All patients were operated according to standard peritonectomy techniques with resection of abdominal hollow and solid organs according to cytoreductive surgery standards. The peritoneal cancer index score was determined at the beginning of each surgery prior to continuing surgical resections. The oxaliplatin HIPEC was administered as a planned dose of 350-460 mg/m2 in 1.5 L/m2 glucose solution at 42o hyperthermia. Any dosage under 350 was considered reduced dose.
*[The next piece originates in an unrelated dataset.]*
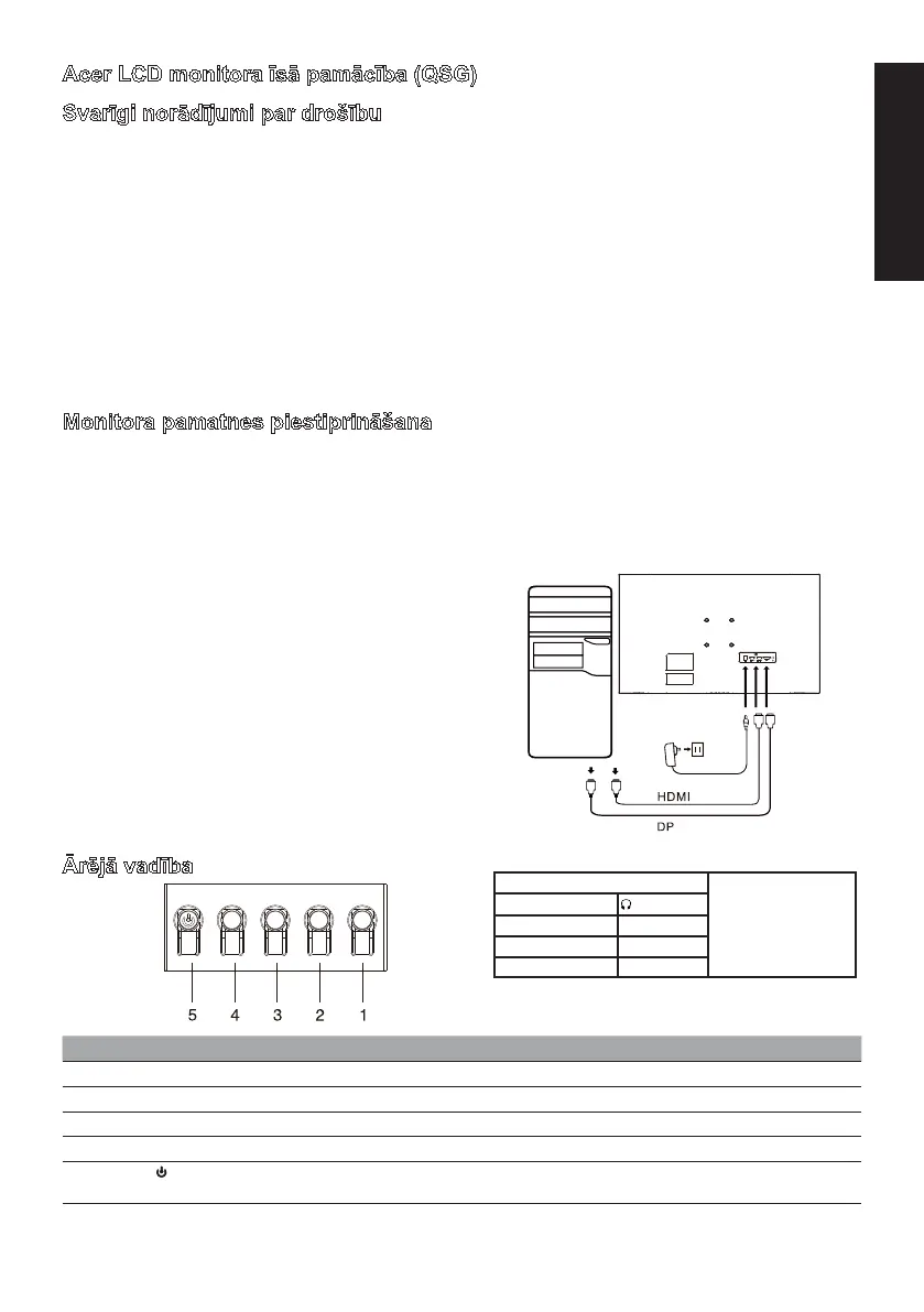 • Acer neuzņemas atbildību par bojājumiem, kas radušies, izmantojot tīrīšanas līdzekļus uz amonjaka vai spirta bāzes.
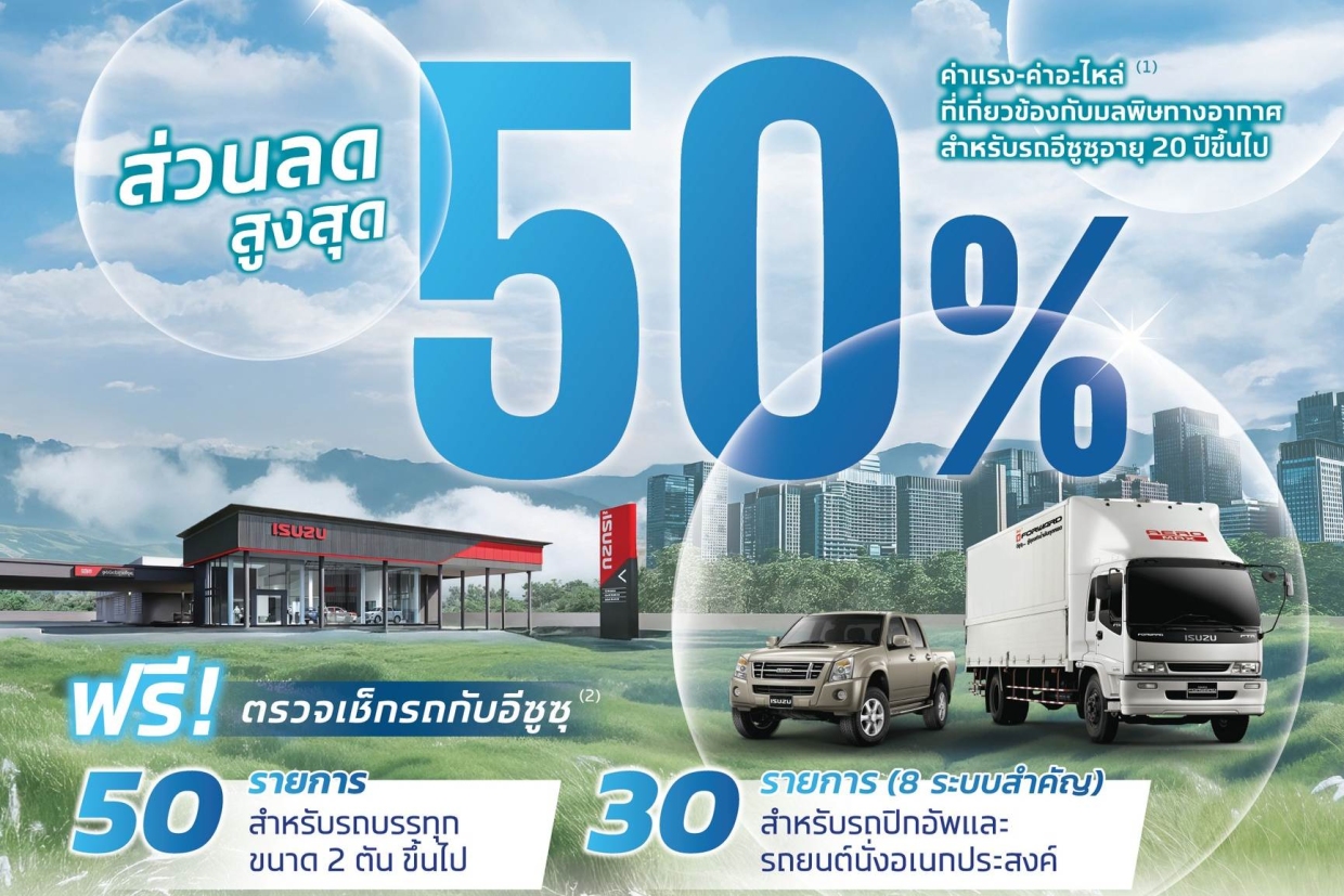 Isuzu (อีซูซุ) ร่วมกับ กรมควบคุมมลพิษ กระทรวงทรัพยากรธรรมชาติและสิ่งแวดล้อมเชิญชวนลูกค้านำรถ Isuzu ทุกประเภทที่มีอายุการใช้มากกว่า 15 ปี เข้ารับบริการตรวจเชคสภาพรถฟรีที่ศูนย์บริการมาตรฐาน Isuzu ทั่วประเทศ ภายใต้แคมเปญ “ดูแลรถเก่า..เพื่ออากาศสดใส” เพื่อบรรเทาปัญหามลพิษทางอากาศจากยานพาหนะที่ใช้งานมายาวนาน และขาดการบำรุงรักษาอย่างเหมาะสม ระหว่างวันที่ 1 ธันวาคม 2568-28 กุมภาพันธ์ 2569

The oxaliplatin/irinotecan HIPEC was administered in the same perfusion carrier at the same temperature with a planned dose of 360 mg/m2 oxaliplatin and 360 mg/m2 irinotecan. All doses under 300 mg/m2 for either drug was considered dose reduction. Both treatments lasted for 30 min.
Statistics were calculated using Statisica 13.4.0.14, TIBCO Software Inc. Descriptive statistics were used as necessary. Fisher exact test was used for 2 × 2 categorical testing and Pearson X2 testing was used for multiple categories. Student t-test was used to compare normally distributed variables such as peritoneal cancer index and age while Mann-Whitney-U test was used for non-parametric variables such as carcinoembryonic antigen. Univariate and multivariable Cox proportional regression analysis was used to evaluate potential prognostic variables and all significant univariate variables were applied in a multivariable setting to evaluate their independent prognostic value. A two variable Cox proportional regression analysis was performed with time period of treatment and neutropenia to evaluate if the time period affected the prognostic effect of neutropenia. The time period was divided into 2 periods using the median date of the cohort as cut-off between periods. Missing data was not imputed. It occurred most often in categorical variables and was kept as a separate group. Concerning endpoints, no missing data existed for morbidity or overall survival. One missing data in disease-free survival and this patient was excluded from analysis. The Kaplan-Meier curve was used to display the overall survival and disease-free survival of the two groups. The log-rank test was used to test survival differences. P values below 0.05 were considered significant.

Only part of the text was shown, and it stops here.